“It is our hope that the Chinese government will respect our criminal justice system,” Holder said.
The indictment has put a greater strain on the U.S.-China relationship.
Chinese Foreign Ministry spokesman Qin Gang denied the allegations and said that Beijing would suspend binational activities to bolster international cybersecurity, citing the U.S.’s “lack of sincerity” to resolve issues through dialogue.
“The U.S. accusation against Chinese personnel is purely ungrounded and absurd,” he said.
In a separate statement, China's defense ministry said the government and the military have never engaged in cyberspying on businesses. It called on the United States to immediately stop spying on China, saying that the charges have seriously damaged trust between the two militaries.
China announced it was suspending cooperation with the United States in a joint cybersecurity task force over Monday's charges that officers stole trade secrets from major American companies. The Foreign Ministry demanded Washington withdraw the indictment.
In recent months, Washington has been increasingly critical of what it describes as provocative Chinese actions in pursuit of territorial claims in disputed seas in East Asia. For its part, Beijing complains that the Obama administration’s attempts to redirect its foreign policy toward Asia after a decade of war in the Middle East is emboldening China’s neighbors and causing tension.
U.S. officials previously accused China’s army and China-based hackers of launching attacks on American industrial and military targets, often to steal secrets or intellectual property. China has said that it faces a major threat from hackers, and the country’s military is believed to be among the biggest targets of the NSA and U.S. Cyber Command.

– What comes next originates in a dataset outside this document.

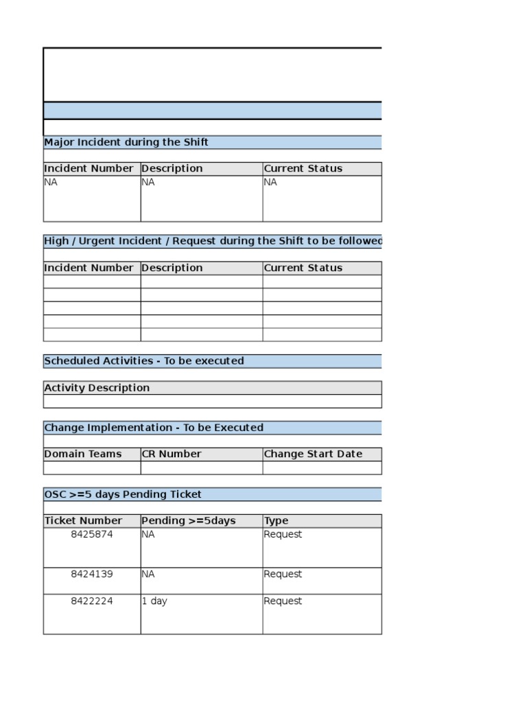 IT Production Support Shift, OnCall Handover Template

Qin echoed these allegations in his response to Washington Monday. “It is a fact known to all that relevant U.S. institutions have long been involved in large-scale and organized cybertheft as well as wiretapping and surveillance activities against foreign political leaders, companies and individuals,” he said.
“China is a victim of severe U.S. cybertheft, wiretapping and surveillance activities. Large amounts of publicly disclosed information show that relevant U.S. institutions have been conducting cyberintrusion, wiretapping and surveillance activities against Chinese government departments, institutions, companies, universities and individuals.”
Despite the pointed language, damage to U.S.-Chinese relations is likely to be limited, with little change in trade or military links, because Beijing realizes the indictment of the five officers is symbolic, said Shen Dingli, a director of the Center for American Studies at Shanghai's Fudan University. He has close ties to China's foreign policy establishment.
Beijing is unlikely to engage in tit-for-tat retaliation such as issuing its own indictments of American soldiers and probably will go ahead with plans to take part in U.S.-hosted naval exercises next month, Shen said. He said cybersecurity cooperation is likely to be suspended indefinitely, but that should have little impact because the joint group achieved little in its three meetings.
"Political, security and commercial espionage will always happen," Shen said. "The U.S. will keep spying on Chinese companies and leaders, so why can't China do the same?"
The Cabinet's Internet information agency said Chinese networks and websites have been the target of thousands of hacking attacks from computers in the United States.
In March, Beijing expressed “extreme concern” over reports by The New York Times that the NSA had secretly accessed the email archive of telecom giant Huawei, a major competitor of U.S.-based Cisco Systems.
U.S. officials maintained, in at least one anonymous comment to the press, that the intelligence operation was not economic espionage.
Last September, President Barack Obama discussed cybersecurity issues on the sidelines of a summit in St. Petersburg, Russia, with Chinese President Xi Jinping.
White House spokesman Ben Rhodes said at the time that Obama had addressed concerns about cyberthreats emanating from China. He said Obama told Xi the U.S. sees it not through the prism of security but out of concern over theft of trade secrets.
John Carlin, recently installed as the head of the Justice Department’s National Security Division, earlier this year cited prosecution of state-sponsored cyberthreats as a key goal for the Obama administration.
An FBI official last week told Reuters to expect multiple cybersecurity-related cases, including indictments and arrests, in the coming weeks.
In late March, Defense Secretary Chuck Hagel revealed that the Pentagon planned to more than triple its cybersecurity staff in the next few years to defend against Internet attacks that threaten national security.
Hagel’s comments at the National Security Agency headquarters in Fort Meade, Maryland, came as he prepared to visit China.
“Our nation’s reliance on cyberspace outpaces our cybersecurity,” Hagel said at the time. “Our nation confronts the proliferation of destructive malware and a new reality of steady, ongoing and aggressive efforts to probe, access or disrupt public and private networks and the industrial control systems that manage our water and our energy and our food supplies.”
The attempt to crack down on China cyberespionage comes a year after details of the scope of the Obama administration’s own state-sanctioned spying program was revealed as a part of the broader leaks by former National Security Agency contractor Edward Snowden.
Among the revelations from those leaks was a U.S. effort to spy on the leaders of some of its allies, including Germany and Brazil, which led to public outrage in both countries.